Reprint all of the data below exactly as shown and skip every image.

● Data excerpt
-*-

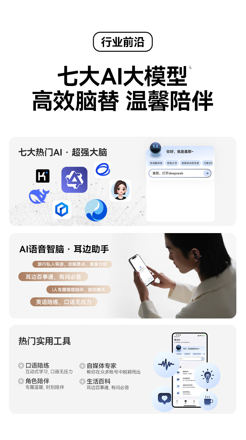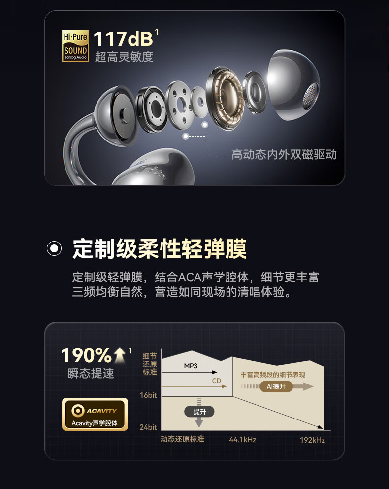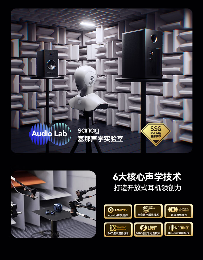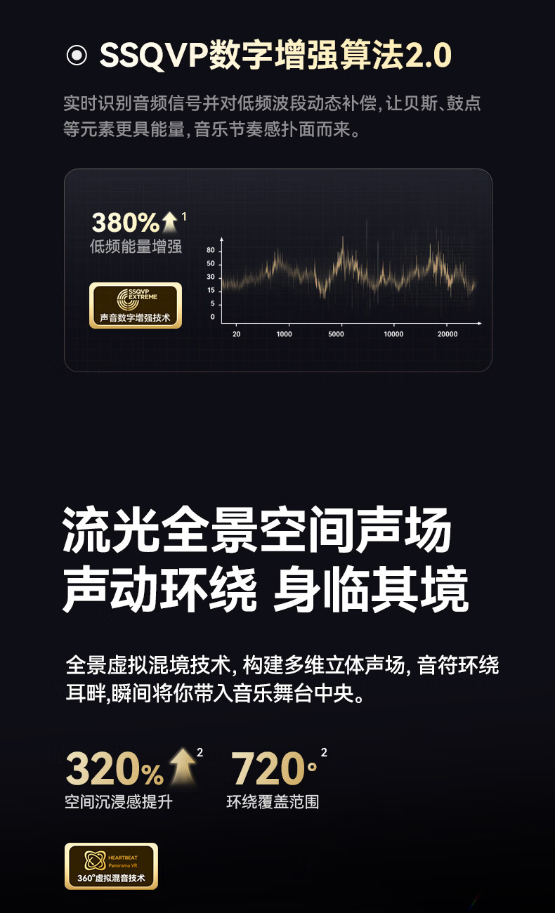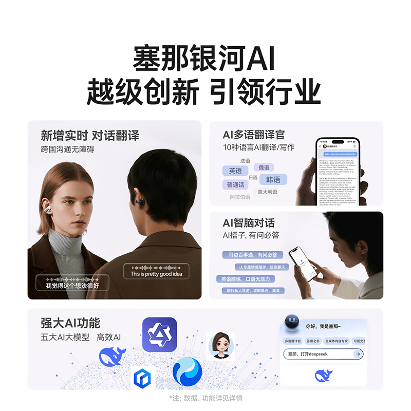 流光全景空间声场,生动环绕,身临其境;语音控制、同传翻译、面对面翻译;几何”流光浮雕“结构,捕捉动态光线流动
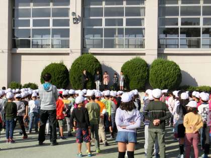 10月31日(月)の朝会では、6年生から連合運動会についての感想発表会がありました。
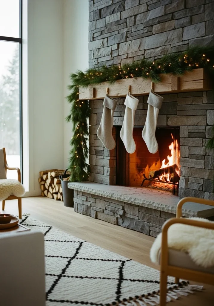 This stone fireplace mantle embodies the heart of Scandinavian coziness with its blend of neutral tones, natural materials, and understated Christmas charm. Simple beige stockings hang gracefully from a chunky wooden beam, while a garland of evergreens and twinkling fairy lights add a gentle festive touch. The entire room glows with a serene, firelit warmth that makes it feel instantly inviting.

-*-

● Response
 流光全景空间声场,生动环绕,身临其境;语音控制、同传翻译、面对面翻译;几何”流光浮雕“结构,捕捉动态光线流动
 10月31日(月)の朝会では、6年生から連合運動会についての感想発表会がありました。
 This stone fireplace mantle embodies the heart of Scandinavian coziness with its blend of neutral tones, natural materials, and understated Christmas charm. Simple beige stockings hang gracefully from a chunky wooden beam, while a garland of evergreens and twinkling fairy lights add a gentle festive touch. The entire room glows with a serene, firelit warmth that makes it feel instantly inviting.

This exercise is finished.